Rhode Island, officially the State of Rhode Island and Providence Plantations, is a state in the New England region of the United States. Despite being called Rhode Island in common usage, most of the state lies on the mainland. Providence Plantations refers to the mainland area, while Rhode Island is actually the official name for Aquidneck Island in Narragansett Bay.

One of the founders of Rhode Island was Roger Williams. In 1636, Williams declared the settlement a place of religious freedom. Williams held that every individual should be free to follow their own religious convictions. Other persecuted religious groups soon settled in the territory. Rhode Island and Connecticut were the only two of the thirteen English colonies never ruled by a governor appointed by the king. They were allowed to run their own affairs, and many principles of the government system established by Rhode Island were incorporated into the early American government, particularly those regarding respect for individual rights.

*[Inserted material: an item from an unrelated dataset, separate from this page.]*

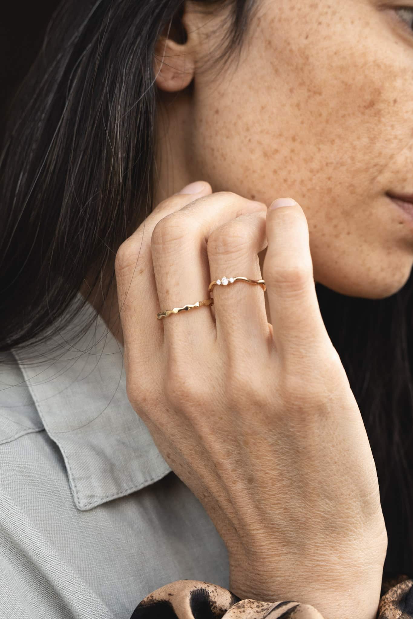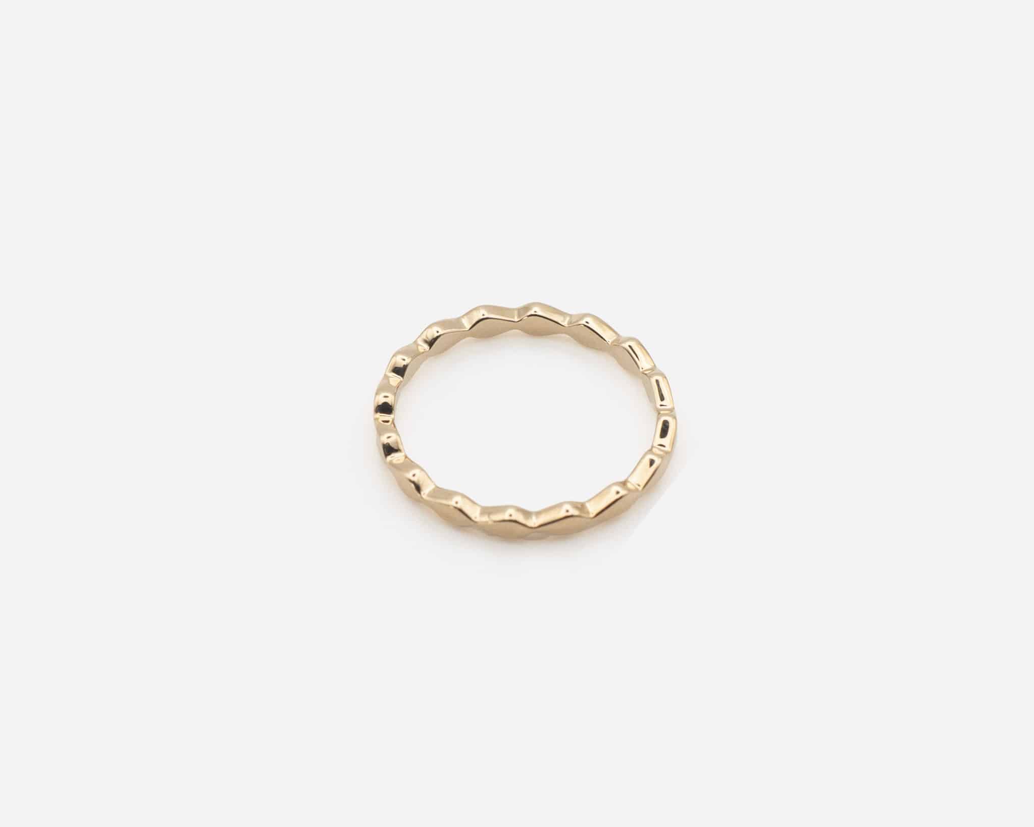 D’une élégance discrète, la bague Lola joue avec la lumière grâce à son anneau finement façonné en losanges. Son design minimaliste et structuré en fait une pièce intemporelle, parfaite pour être portée seule ou en superposition avec d’autres anneaux.

Rhode Island has a history of staunch independence. It was the first of the thirteen original American colonies to declare independence from British rule and the last to ratify the United States Constitution. Rhode Islanders withheld ratification until May 1790, over concerns of a strong central government.

Rhode Island was ranked 43rd in population according to the 2000 U.S. census. Due to its small land area of 1,545 square miles (smallest in the U.S.), it is the second most densely populated. It has adopted the nickname "The Ocean State." Nearly one-tenth of its inland area is covered by salt water, with no part of the state more than a 45-minute drive from the water's edge.[6]

Name origin

The Verrazzano Monument in Providence, which credits the state's name to Verrazzano's comparison of the Narragansett Bay area to the Aegean Sea and the Isle of Rhodes.

The name "State of Rhode Island and Providence Plantations" can be traced back to the Royal Charter of 1663, granted to the Rhode Island colonists by King Charles II of England.

The origin of the state's name is not agreed upon. Rhode Island is believed by many to come from the 1524 description of Block Island by Italian navigator Giovanni da Verrazzano, which compared it to the Greek island of Rhodes. Some sources state that it comes from the Dutch explorer Adriaen Block, who came to the area in 1614, and re-named Aquidneck Island, owing to its red soil, Roodt Eyland. The second half of the name is for Providence Plantations, the first settlement on the mainland, on Narragansett Bay, named by Roger Williams.

Geography

Map of Rhode Island, showing major cities and roads
Beavertail State Park
Deer in Sachuest Point, Middletown, Rhode Island, 2007.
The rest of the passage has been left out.